I cant find much online for this model, but found a manual for the HT02T. My trimmer has a TK carb, with number 1C10B printed on the inlet manifold end.
Found a carb gasket/diaphragm kit for the TK1 / TK2 carb which has identical gaskets to mine, so guessing my carb might be one of these models. It has a broken copper wire going to the STOP ignition kill switch, but I can't find a suitable replacement kill switch/wiring. Also it seems to have a sprung vent/purge valve rather than a primer bulb, with no o-ring or seal, and the carb is missing the return hose - which either just vents excess fuel or should go back to the tank possibly?

If anyone can help shed some light I'd be very grateful!


----------



## HarleyT (Oct 28, 2020)

Looks like the same carb as on the old Stihl fs80 and the old shindaiwa t25 and greenmachine.
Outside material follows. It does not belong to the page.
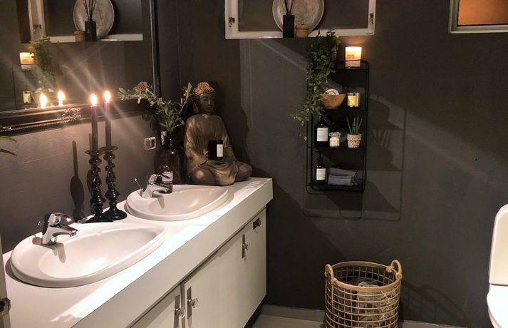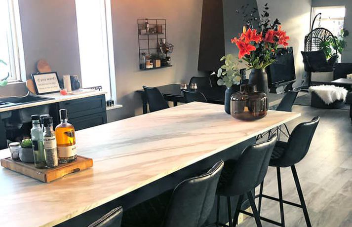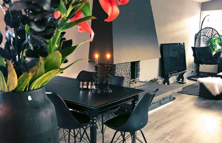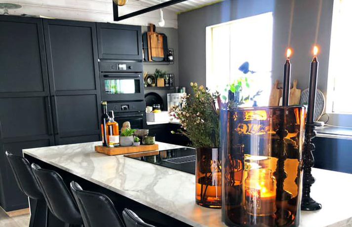 Svana gjörbreytti húsinu: „Mér finnst ég búa á hóteli“ Sylvía Rut Sigfúsdóttir skrifar 10. mars 2020 14:03 Svana Símonar keypti sér einbýlishús í nóvember og gerði það upp í sínum stíl. Mynd/Svana Svana Símonar og Ríkarð Svavar Axelsson keyptu sér hús á síðasta ári og gerðu ýmsar breytingar áður en þau fluttu inn. Svana deildi útkomunni í Facebook hópnum Skreytum hús og vakti það mikla athygli. Hjónin eru hrifin af svörtu og völdu meðal annars að skipta út hvítri eldhúsinnréttingu fyrir svarta. „Við byrjuðum framkvæmdir 29. nóvember og fluttum inn þremur vikum seinna, korter í jól,“ segir Svana í samtali við Vísi. „Vorum þá búin að rífa alla veggi í eldhúsi og stofu, parketleggja með hjálp frá Vigni mági mínum snillingi og mála alla hæðina, brjóta niður fyrir nýju hurðargati og fylla upp í annað. Svo vorum við búin að koma eldhúsinnréttingunni upp með hjálp frá smið. Ég sá samt um að skrúfa allar skúffur og skápa saman með hjálp frá vinum.“ Svana segir að þau hjónin hafi reynt að mála í stað þess að henda en þurftu þó að brjóta niður veggi til þess að opna rýmið.Mynd/Svana Hjónin eru í fullri vinnu og gerðu þetta með börnin en sjá ekki eftir því að hafa farið af stað í þetta krefjandi verkefni. „Ég mæli ekki endilega með þessu en með jákvæðni og dass af þolinmæði tókst þetta,“ segir Svana. Þau breyttu eldhúsinu, ganginum, baðherberginu og svefnherberginu sínu síðustu mánuði en reyndu að láta framkvæmdirnar vera ekki of kostnaðarsamar. Svefnherbergisgangurinn fyrir og eftir breytingar. Mynd/Svana Svana hefur áður breytt húsi á Akureyri með ódýrum og sniðugum lausnum. Fjallað var um breytingarnar á Vísi fyrir tveimur árum. Sjá einnig - Tóku hús í gegn á Akureyri: Það þarf ekki að vera dýrt að gera heimilið fallegra Svarti liturinn er í miklu uppáhaldi hjá Svönu.Mynd/Svana „Við tókum bara í gegn það sem var komið á tíma og þurftum að gera, nýttum allt sem hægt var að nýta, eins og á baðinu og allar hurðar.“ Svana valdi að lakka flísarnar í stað þess að brjóta þær upp og setja nýjar.Mynd/Svana Svana vandaði einstaklega mikið litavalið á rýminu, til þess að láta það henta betur þeirra stíl. „Litapallettan er úr Sérefni, þeir heita deep sarcelles á alrýminu, dark sarcelles á baðinu og arninum, intence sarcelles í svefnherberginu. Dásamlegir og hlýir að mínu mati. Mér finnst ég búa á hóteli. Ég lakkaði múrsteinavegginn með lakki frá Sérefni sem heitir superfinish og það kom út eins og flauelsáferð, mjög töff. Við máluðum hurðar með superfinish og baðflísarnar með wapex 660“ Svefnherbergið er dökkt og kósýMynd/Svana Hún er ánægð með allar breytingarnar sem þau gerðu og á erfitt með að velja hvað stendur upp úr. „Ég myndi líklega vera alltaf inn í svefnherbergi ef það væri í boði en annars er ég rosalega glöð með eldhúsið okkar. Skápaplássið er geggjað og það er orðið virkilega gaman að elda.“ Borðplatan í eldhúsinu er filmuð spónaplata.Mynd/Svana Hún bætir því svo við að reyndar sé það eiginmaðurinn sem eldi oftast. „Það er vel hægt að gera fallegt án þess að rífa allt út, málningin gerir kraftaverk,“ segir Svana að lokum. Áhugasamir geta fylgst með Svönu á Instagram. Mest lesið Fékk hvorki að setja eigið nafn né dulnefni á þættina sína Lífið Fyrrverandi ráðherra Dana: „Þið voruð aldrei nýlenda“ Menning Svona er kynlífsþjónusta á Íslandi Lífið Klæddi sig upp sem hjákona eiginmannsins Tíska og hönnun Stjörnulífið: „Ef fólk hættir að gagnrýna mig svelt ég“ Lífið Dagur Sig genginn í það heilaga Lífið Leikstýrir kærastanum í stærsta harmleik sögunnar Lífið Hefur farið í gegnum sambandsslit, gjaldþrot og fjárkúgunarmál frammi fyrir þjóðinni Lífið Ljúffengir hafraklattar með kaffinu Lífið Kyngdi stoltinu og fjölmargir buðu fram nýra Lífið Fleiri fréttir Stjörnulífið: „Ef fólk hættir að gagnrýna mig svelt ég“ Hefur farið í gegnum sambandsslit, gjaldþrot og fjárkúgunarmál frammi fyrir þjóðinni Leikstýrir kærastanum í stærsta harmleik sögunnar Fékk hvorki að setja eigið nafn né dulnefni á þættina sína Spenna á rafíþróttaæfingu fyrir eldri borgara Dagur Sig genginn í það heilaga Svona er kynlífsþjónusta á Íslandi Tók tíu klukkustundir að komast í búninginn Krakkatían: Dóra landkönnuður, Neyðarlínan og „borgin eilífa“ Kyngdi stoltinu og fjölmargir buðu fram nýra Tchéky Karyo látinn Stjörnurnar á hrekkjavökunni: Louvre-þjófur og vampírur Fréttatía vikunnar: Ríkislögreglustjóri, fellibylur og rasisti Láta forræðishyggju hinna fullorðnu ekki fipa sig Heillandi raðhús Evu Maríu og Trausta til sölu Nýr skemmti- og spjallþáttur á Sýn Fundin eftir sjö vikur á vergangi: „Takk hver sem þú ert“ Fresta hrekkjavöku til að tryggja öryggi lítilla skrímsla Stjörnurnar skinu skært á sögulegum sjónvarpsverðlaunum Atli Steinn fann ástina á ný „Síðasta flugtak“ Play í Gamla bíói Már Gunnars genginn út Verk Þórdísar Erlu munu prýða auglýsingaskilti borgarinnar Steingleymdi að taka niður sólgleraugun Hvenær má byrja að spila jólalög? Stílhrein og stílíseruð útsýnisíbúð við Heiðmörk Ískyggilega líkur ofurfyrirsætu: „Ég er með píku“ „Get ekki gengið óstudd og framundan er mikil endurhæfing“ Ótrúlegur bílskúr Hönnu Rúnar: „Hvar ertu?“ Lét flúra brúðkaupsdaginn á sig en gerði mistök Sjá meira

The "primer" is usually a pump on the fuel supply side, and the air/fuel just purges to the atmosphere.


----------



## Scoff (Oct 29, 2020)

Thank you for the info. I've fixed the ignition kill switch and now waiting for the carb gasket kit to arrive. Looking up the stihl fs80, I'm finding most similar TK carbs have a priming bulb rather than this spring loaded plunger which pushes on the diaphragm - unless thus is a drain for the carb? I've attached a picture showing this part


----------



## ray benson (Oct 30, 2020)

Scoff said:


> Thank you for the info. I've fixed the ignition kill switch and now waiting for the carb gasket kit to arrive. Looking up the stihl fs80, I'm finding most similar TK carbs have a priming bulb rather than this spring loaded plunger which pushes on the diaphragm - unless thus is a drain for the carb? I've attached a picture showing this part


Toro trimmer uses a similar carb. They call the spring loaded plunger a tickler valve. Page 24 in service manual.
Link is for the manual, too large to attach.
http://www.mediafire.com/file/en1rnnq6hyhy6ml/Toro_TC5000_TC3_sm.pdf/file


----------



## Scoff (Oct 30, 2020)

ray benson said:


> Toro trimmer uses a similar carb. They call the spring loaded plunger a tickler valve. Page 24 in service manual.
> Link is for the manual, too large to attach.
> http://www.mediafire.com/file/en1rnnq6hyhy6ml/Toro_TC5000_TC3_sm.pdf/file


Thats a great help, thanks very much


----------



## HarleyT (Oct 30, 2020)

Yeah, the excess fuel just dribbles out on the ground.


----------



## Scoff (Nov 3, 2020)

OK great, I've picked up some clear 3/4mm pipe to take the excess fuel away from the carb to stop it getting as messy - I guess this could also just be fed back into the tank?
All new gaskets fitted, however i don't know where to get a replacement o ring for the high speed mixture/air screw. The Old ring is quite brittle and cracked, so would like to replace it with a viton or similar ring. It measures 3.84mm internal diameter and 2.2mm cross section, but not found any UK suppliers of that size, and no TK part number to go on


----------